A reader sent in the following interesting example of process substitution.

# Script fragment taken from SuSE distribution:

# --------------------------------------------------------------#
while read  des what mask iface; do
# Some commands ...
done < <(route -n)  
#    ^ ^  First < is redirection, second is process substitution.

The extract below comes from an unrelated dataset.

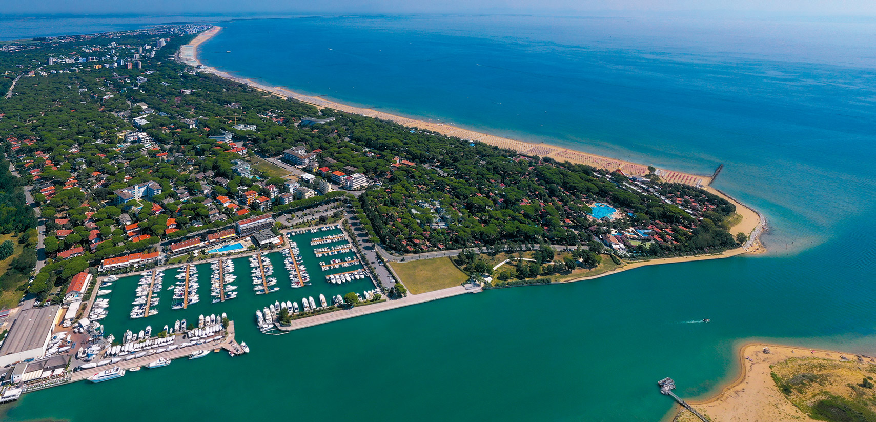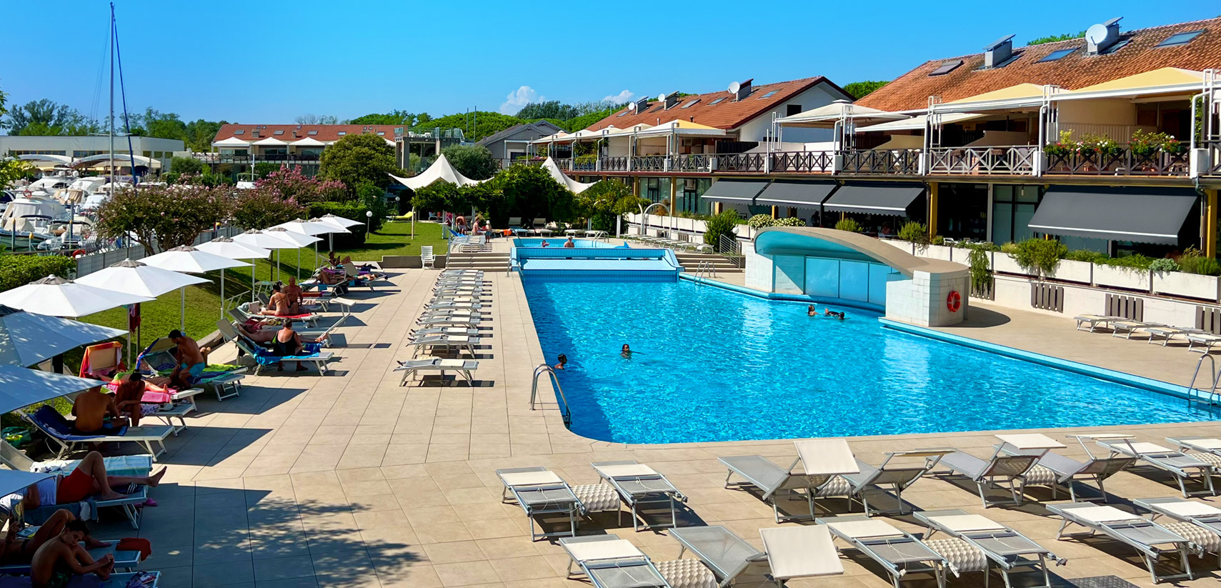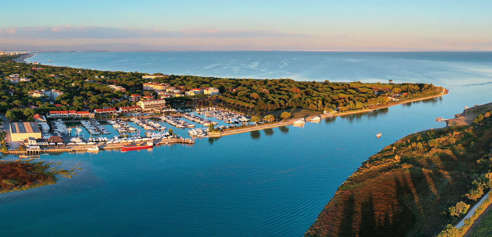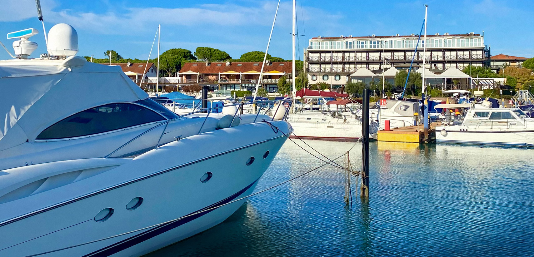 Großzügige und helle Zimmer und Suiten mit komfortabler Einrichtung, die durch ein helles und freundliches Design mit natürlichen Materialien wie Holz und Schilf besticht und durch zahlreiche Annehmlichkeiten ergänzt wird. Apartments mit direktem Blick auf den Yachthafen und die Mündung des Flusses Tagliamento. Hausboote für einen einzigartigen Aufenthalt. Gästen stehen ein großes Restaurant mit Blick auf den Anleger, ein olympisches Schwimmbecken mit angrenzendem Kinderbecken, eine Sauna und ein türkisches Bad zur Verfügung

# To test it, let's make it do something.
while read  des what mask iface; do
  echo $des $what $mask $iface
done < <(route -n)  

# Output:
# Kernel IP routing table
# Destination Gateway Genmask Flags Metric Ref Use Iface
# 127.0.0.0 0.0.0.0 255.0.0.0 U 0 0 0 lo
# --------------------------------------------------------------#

#  As StИphane Chazelas points out,
#+ an easier-to-understand equivalent is:
route -n |
  while read des what mask iface; do   # Variables set from output of pipe.
    echo $des $what $mask $iface
  done  #  This yields the same output as above.
        #  However, as Ulrich Gayer points out . . .
        #+ this simplified equivalent uses a subshell for the while loop,
        #+ and therefore the variables disappear when the pipe terminates.
	
# --------------------------------------------------------------#
	
#  However, Filip Moritz comments that there is a subtle difference
#+ between the above two examples, as the following shows.

(
route -n | while read x; do ((y++)); done
echo $y # $y is still unset

while read x; do ((y++)); done < <(route -n)
echo $y # $y has the number of lines of output of route -n
)

More generally spoken
(
: | x=x
# seems to start a subshell like
: | ( x=x )
# while
x=x < <(:)
# does not
)

# This is useful, when parsing csv and the like.
# That is, in effect, what the original SuSE code fragment does.

Notes

[1]

This has the same effect as a named pipe (temp file), and, in fact, named pipes were at one time used in process substitution.